Hsu Meng Kai

and 2 more

Background: Hepatocellular carcinoma (HCC) is a common primary liver malignancy. Despite advancements in treatment, HCC often has a poor prognosis because of frequent recurrence and metastasis. Hematogenous metastasis to the gastrointestinal tract is uncommon and metastasis to the small intestine is particularly rare. Method: We present the case of a 72-year-old man with HCC who developed small bowel metastasis and intussusception. A literature review was conducted using the keywords “hepatocellular carcinoma,” “small bowel metastasis,” and “gastrointestinal tract metastasis” in the MEDLINE (PubMed) database. Non-English language reports were excluded. Results: Fifteen cases of HCC metastasis to the small intestine were retrieved from the literature, with two cases diagnosed post-mortem. Of the 13 reported cases and the present case, 10 cases involved male patients. The most common symptom was gastrointestinal bleeding, which occurred in 50% of cases, followed by elevated tumor markers and bowel obstruction. Imaging modalities such as computed tomography and positron emission tomography were typically used for a diagnosis, whereas endoscopic examination was used for detecting duodenal tumors.
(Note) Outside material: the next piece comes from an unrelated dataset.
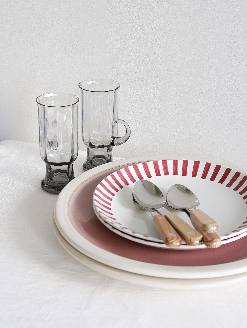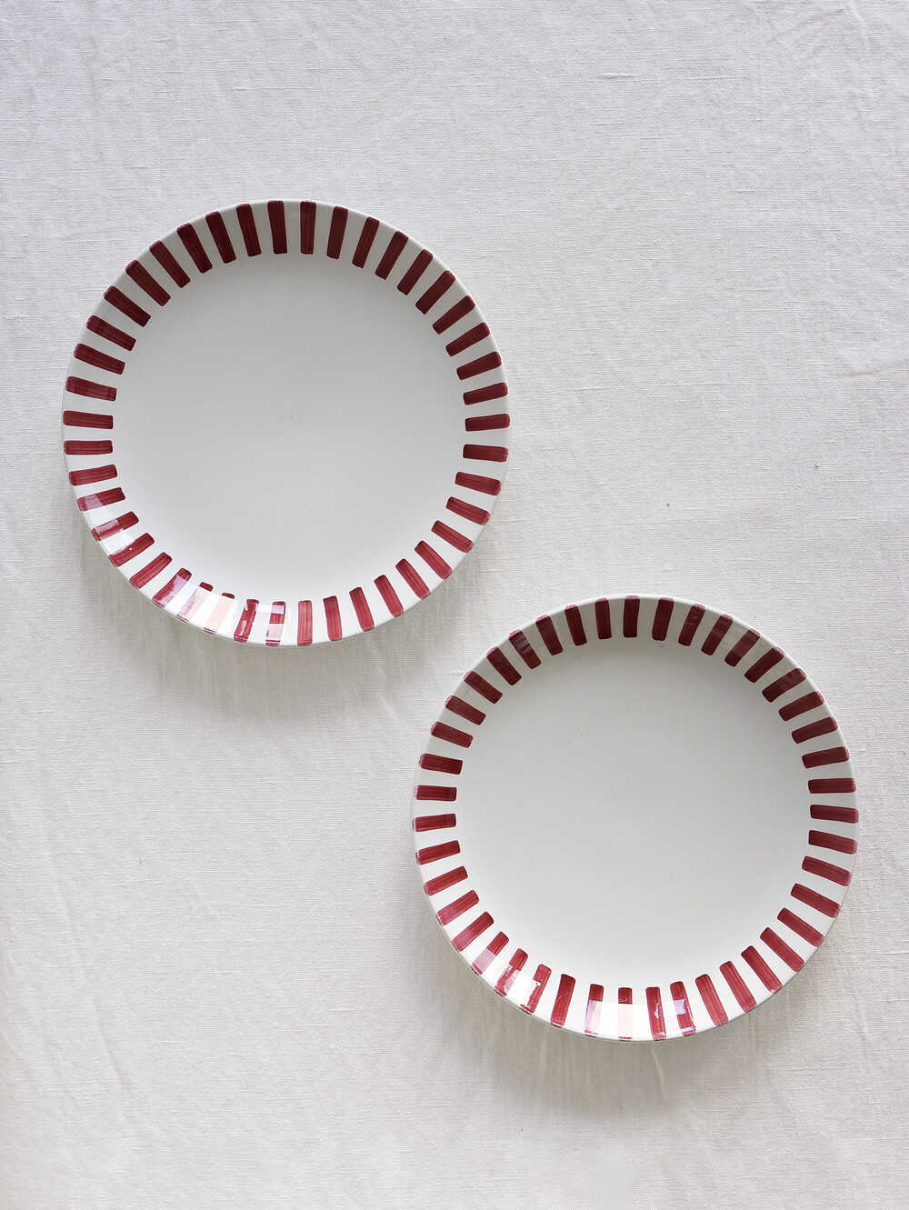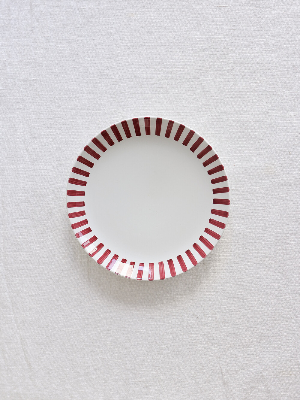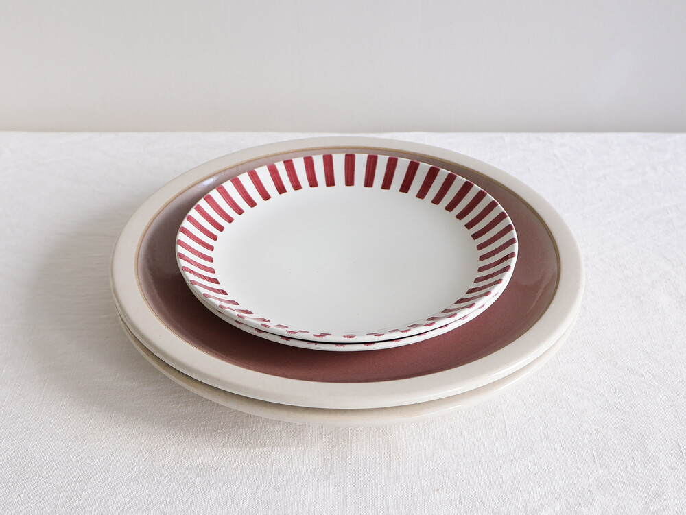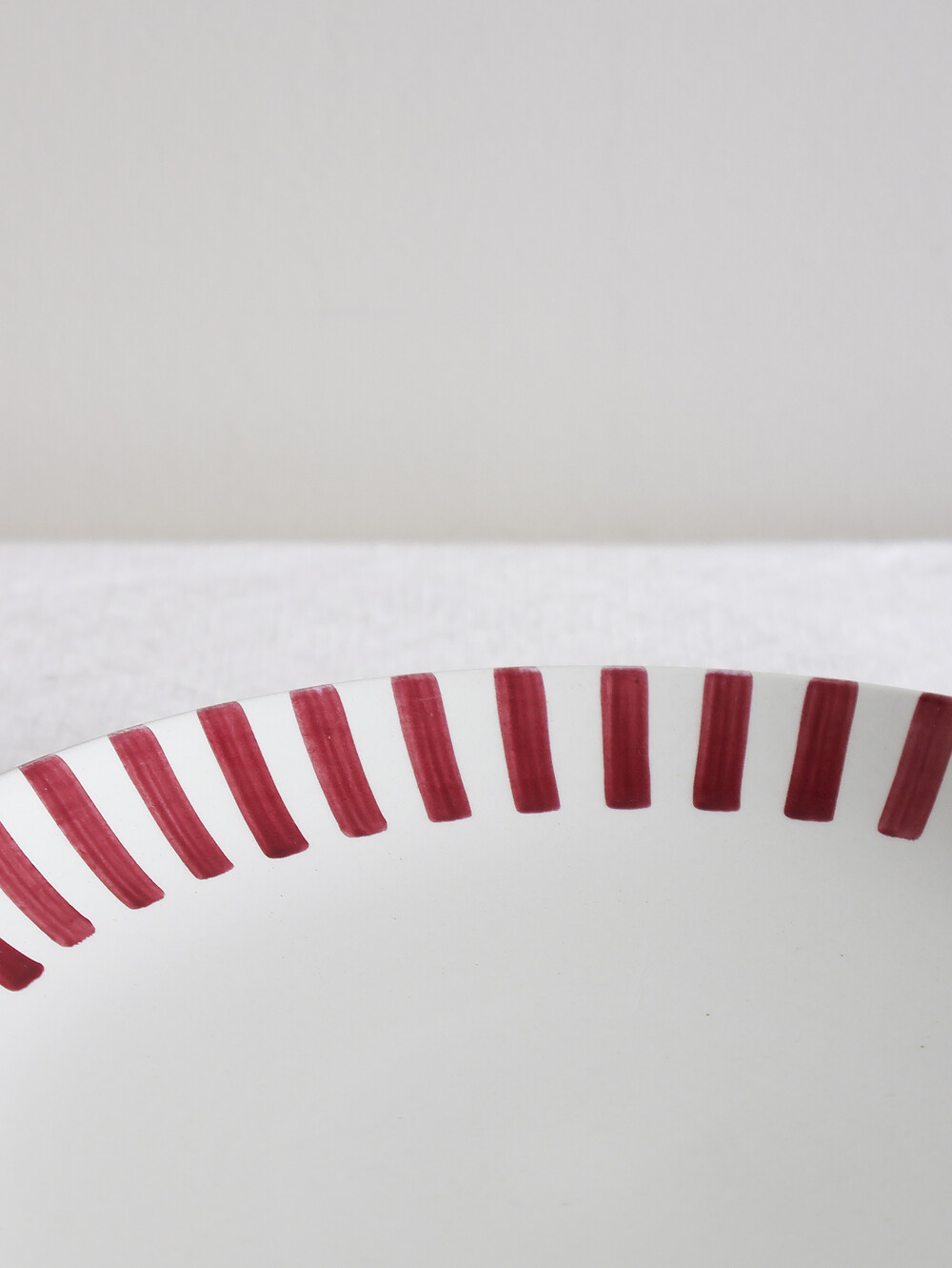 단순하면서도 강렬한 붉은 스트라이프 패턴이 특징으로, 깔끔한 아이보리 바탕 위로 규칙적으로 번지는 붉은 줄무늬가 테이블에 생기를 더해줍니다.

The metastatic tumors exhibited various morphologies across all three segments of the small intestine. Portal vein thrombosis or tumor invasion was reported in only one-half of the cases. Surgical resection remains the most effective treatment for isolated small bowel metastases. Conclusion: Small intestine metastasis from HCC, although rare, should be considered in patients with gastrointestinal symptoms or unexplained elevated tumor markers. Surgical resection is the most effective treatment approach, with minimally invasive and endoscopic techniques available for select cases.